Cotas Raciais em Santa Catarina
Criação inicial da página
As Cotas Raciais em Santa Catarina referem-se à controvérsia e aos desdobramentos jurídicos e políticos em torno da Lei nº 19.722/2026 do estado, que proíbe a adoção de políticas de cotas raciais e outras ações afirmativas em universidades estaduais e instituições de ensino superior que recebem recursos do governo catarinense. A lei, sancionada em janeiro de 2026, gerou questionamentos na Justiça e críticas de diversas entidades e personalidades, que a consideram inconstitucional e um retrocesso no combate às desigualdades históricas no acesso ao ensino superior.

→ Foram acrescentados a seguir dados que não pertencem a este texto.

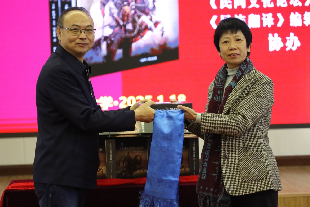 近日,北京大学陈岗龙教授主持翻译的《十方圣主格斯尔可汗传》(上下册)由内蒙古人民出版社出版发行。由北京大学东方文学研究中心、博鱼体育和内蒙古人民出版社主办的《十方圣主格斯尔可汗传》新书首发式暨出版座谈会于2025年1月18日在北京大学隆重举行。来自内蒙古出版集团、中国社会科学院、国家民族事务委员会、中国民间文艺家协会、中国民族语文翻译局、中国艺术研究院、中央美术学院、国家图书馆、中央民族大学、北京外国语大学、河北师范大学和北京大学等单位的50余位领导嘉宾、专家学者出席了本次活动。首发仪式由东方文学研究中心主任助理史阳主持,出版座谈会由东方文学研究中心主任助理翁家慧主持。

A política de cotas raciais no Brasil foi estabelecida em âmbito federal pela Lei nº 12.711/2012, que reserva 50% das vagas em universidades e institutos federais para estudantes de escolas públicas, incluindo critérios de renda, raça (pretos, pardos, indígenas e quilombolas) e pessoas com deficiência. Em 2012, o Supremo Tribunal Federal (STF) declarou a constitucionalidade das cotas para negros e indígenas, baseando-se no direito à igualdade material e no princípio da proporcionalidade para superar distorções sociais históricas.
Em dezembro de 2025, a Assembleia Legislativa do Estado de Santa Catarina (Alesc) aprovou um projeto de lei que proíbe explicitamente a adoção de cotas raciais e outras ações afirmativas para ingresso de estudantes e funcionários em instituições de ensino superior estaduais. O governador Jorginho Mello sancionou a lei, que foi publicada como Lei nº 19.722/2026 em janeiro de 2026. A legislação prevê exceções para reserva de vagas por critérios exclusivamente econômicos, para pessoas com deficiência e para estudantes da rede pública estadual. As punições para o descumprimento incluem multa de R$ 100 mil por edital e corte de repasses públicos. Instituições como a Universidade do Estado de Santa Catarina (Udesc) seriam afetadas, enquanto instituições federais, como a Universidade Federal de Santa Catarina (UFSC), não são abrangidas pela lei estadual.
Imediatamente após a sanção, a lei foi questionada na Justiça por meio de uma ação popular ajuizada pela deputada federal Ana Paula Lima (PT-SC) e pelo presidente do Sebrae, Décio Lima. Eles argumentam que o estado não tem competência para proibir políticas já autorizadas por leis federais e consideradas constitucionais pelo STF, configurando uma medida inconstitucional e um retrocesso social. O Ministério da Igualdade Racial também expressou indignação e anunciou que acionaria a Ordem dos Advogados do Brasil (OAB) para analisar medidas cabíveis.